Number 5. AT kickdown cable replacement (’88 244GL). An absolutely filthy job, and you are on your back a large portion of the time. You have to drop the tranny pan, and the tranny underside keeps weeping on you the whole time. Even clean AT fluid stinks. Also, getting the cable end into its little slot inside the tranny was tricky. Keeping the work area and your hands clean is a must, to avoid contaminating the tranny.

Number 4. Floorpan rust repair (’88 244GL and ’92 244). It seems unfair that I had to get into this business with two cars. The job had a difficult combination of disassembly (removing the seats and carpet), preliminary repairs (finding and repairing the leaks that caused the rust), prep work (cutting and grinding out the rusted sections, cutting and shaping patches), a challenging repair (I try to weld both sides of the patch. I use an arc welder with flux core wire. The undercoating tends to burn, which can be a little disconcerting), and demanding finish work (cleaning off scale, priming and painting – thank goodness for POR-15 – and undercoating. Still, a very satisfying repair. There’s just something about doing the little head flip to drop the welding helmet…

Number 3 (’88 244GL). Heater core replacement. One of the traditional "favorites." A lot of work, to be sure, but at least you're warm and dry. I used a variation of the "chainsaw method" wherein I cut off the top of the heater box to remove the core, and then bonded the box back together. If I had split the housing as Volvo intended, this job may have risen to the top of my list.

Number 2. Rack replacement (’90 244DL). The lower steering u-joint is TOUGH to remove, it’s difficult to keep dirt out of the hose fittings, and it is easy to get the steering wheel out of alignment. The difficulty of this particular job was exacerbated by the fact that I had to lie in mid-winter mud to remove the donor rack from my parts car. I got the steering wheel aligned properly, but 360 deg too far ccw. The horn slip ring would have prevented the wheels from fully rotating in a left turn. Rather than disassembling the u-joint again, I chose to pull the steering wheel and “center” the slip ring manually. Believe it or not, the wheels seem PERFECTLY aligned (I count threads on the tie rods and install to within +/- 1/4 turn). Oh, and before I forget, the job was like a mini tranny KD cable replacement – lots of automatic transmission fluid. The old rack was leaking from both ends and didn’t stop until it was off the car.

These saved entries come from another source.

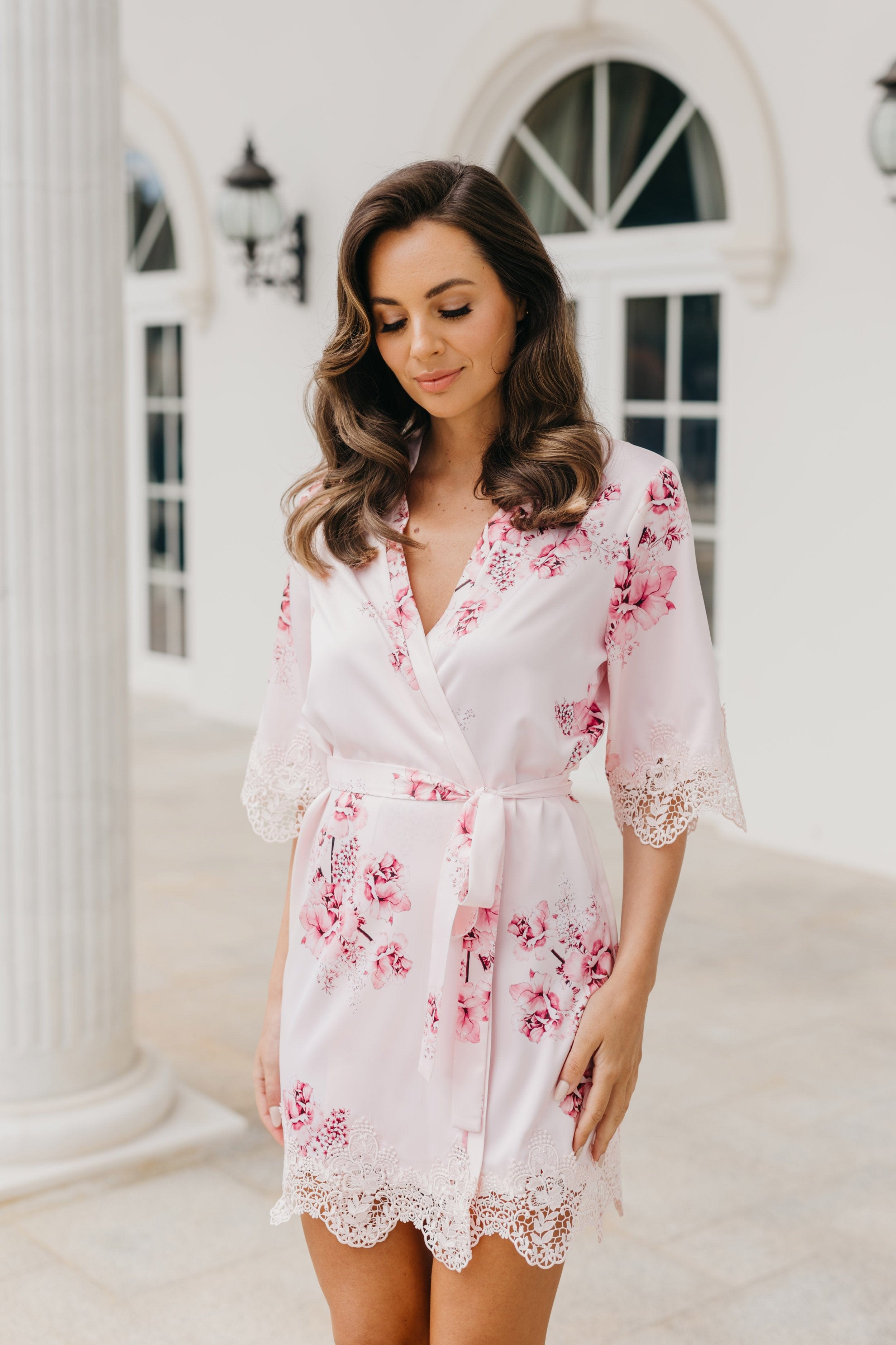 Wrap yourself in our exclusive 'Bouquet De Fleur' floral design printed on our Le Rose satin fabric developed by us for you. Our exclusive floral lace trim adorns the sleeve and hem.
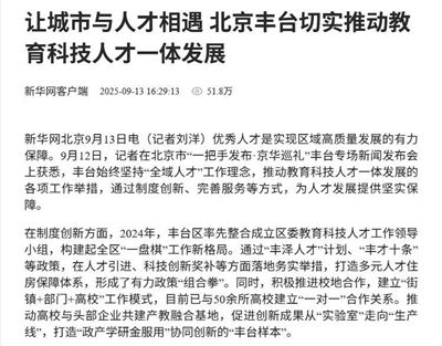 9月12日,北京市“一把手发布·京华巡礼”丰台专场亮相,向外界递上一张“机遇之城”的名片。截至9月14日18时,“一把手发布·京华巡礼”系列丰台区专场发布会媒体报道已达240余条,包括新华社、人民日报、经济日报、科技日报、经济参考报、人民网、央广网、北京日报、新京报、北京青年报、中国城市报、香港大公报等多家权威媒体报道。相关新媒体阅读量达千万+。相关报道还在持续释放。本期《丰台时报》选登部分报道,带大家读取媒体眼中的首都高质量发展丰台篇章。
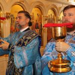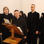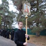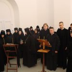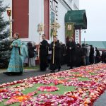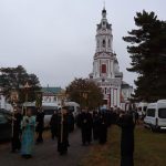 До начала архиерейской службы утром 16 октября в Трубчевском храме протоиереем Владимиром Мишагиным была совершена ранняя Божественная литургия, после которой клирик монастыря, протоиерей Вячеслав Абашин, совершил водосвятный молебен, после чего духовенство обители прошествовало крестным ходом до Успенского собора монастыря.
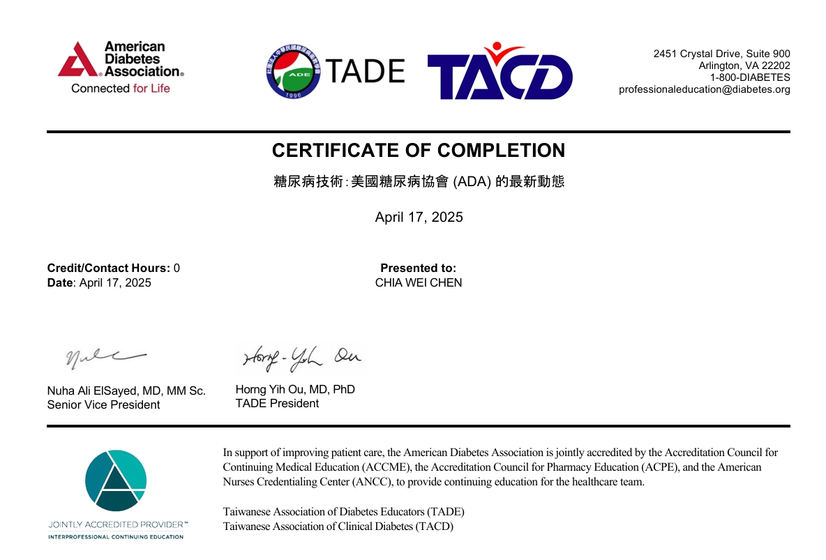 了解了連續血糖監測(CGM)、自動胰島素輸送(AID)系統,以及糖尿病科技在臨床照護與病患自我管理中的應用趨勢。技術的進步不只是數字升級,更是讓照護更精準、更貼近病人生活。
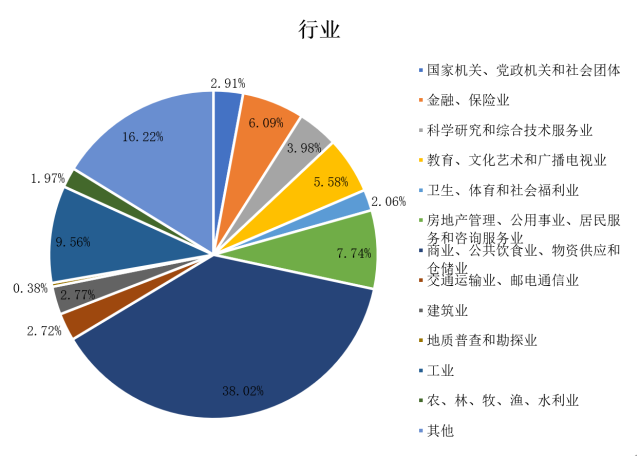 本次调查中,来自商业、公共饮食业、物资供应和仓储业的被调查对象最多,占总人数的38.02%;来自地质普查和勘探业的被调查对象最少,仅占总人数的0.38%。

And my Number 1 worst Volvo 240 series repair has been (drum roll please):

Automatic transmission change (’90 244DL). Dangerous (jacked high on both sides), physically demanding, dirty. It was extremely difficult to remove cooling lines at tranny. Getting those bolts at the top of the bell housing requires a GREAT 6 pt 18mm socket with a universal joint and a long (18 in or so) extension. There is a lot of preliminary work (dropping the crossmember and driveshaft, disconnecting the KD cable, OD solenoid wire and shifter linkage). Even so, I am proof that it's a one man job (I had a tranny jack). That d**n AW70 is HEAVY. I strained my back dead-lifting one from the floor! Still, doing this job saves a TON of money, and the satisfaction index is off the scale!

I did every one of these jobs with the help of BBoard members. Thanks you all!

I am sure your list differs, and that mine will evolve as my sons invent new, creative ways of stress-testing bricks!